Which is why I've always held "Exceptions" in extreme contempt and won't put them on my system wherever possible.
Antivirus exceptions - zero - except for machines that can see the underlying VM storage folder with huge VM images, which I exclude because the machine has antivirus, and the VM's inside it have antivirus, and if you can write to the underlying VM storage folder, I have bigger problems anyway.
Web filtering exceptions - er...no. I work in a school so I might classify your site as "pupil" or "staff" instead of whatever default is chosen, but I won't "just exclude". Because every time I've been asked to do that, it includes things like the entire Amazon EC2 range.
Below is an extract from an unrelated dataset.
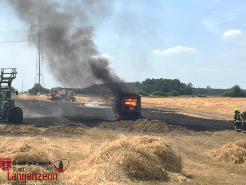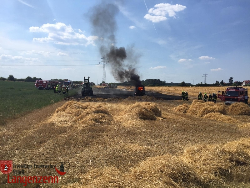 Bei der Ankunft stellte sich heraus, das es eine brennende Ballenpresse war. Hier waren aber schon die Kollegen der Feuerwehr Hagenbüchach vor Ort.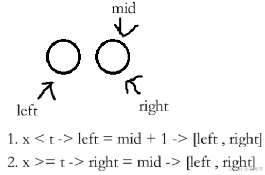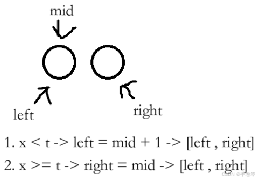 在朴素二分中,防止溢出有:mid = left + (right - left) / 2; (命中左端点)或者mid = left + (right - left + 1) / 2;(命中右端点) 两种操作。

And if I say "No, honestly, it's excluded" then you always find out that the "problem" was somewhere else anyway.
Recently had this with my print vendor who have this billing tool that talks home to them. It needed all kinds of proxy exceptions and bypasses. So I just installed it. Done. They even say "it doesn't support proxies", which is weird because there's a box to put the manual proxy information, which works perfectly. The fact that the software itself falls over once a month is neither here nor there, apparently, though. But it has nothing to do with web access or proxies (because it has a "test" button that works, the logs show it has comms, and what falls over is actually the local machine's SNMP browser).
Sorry but "make an exception for us" is code to me for "lie and pretend that you've done it".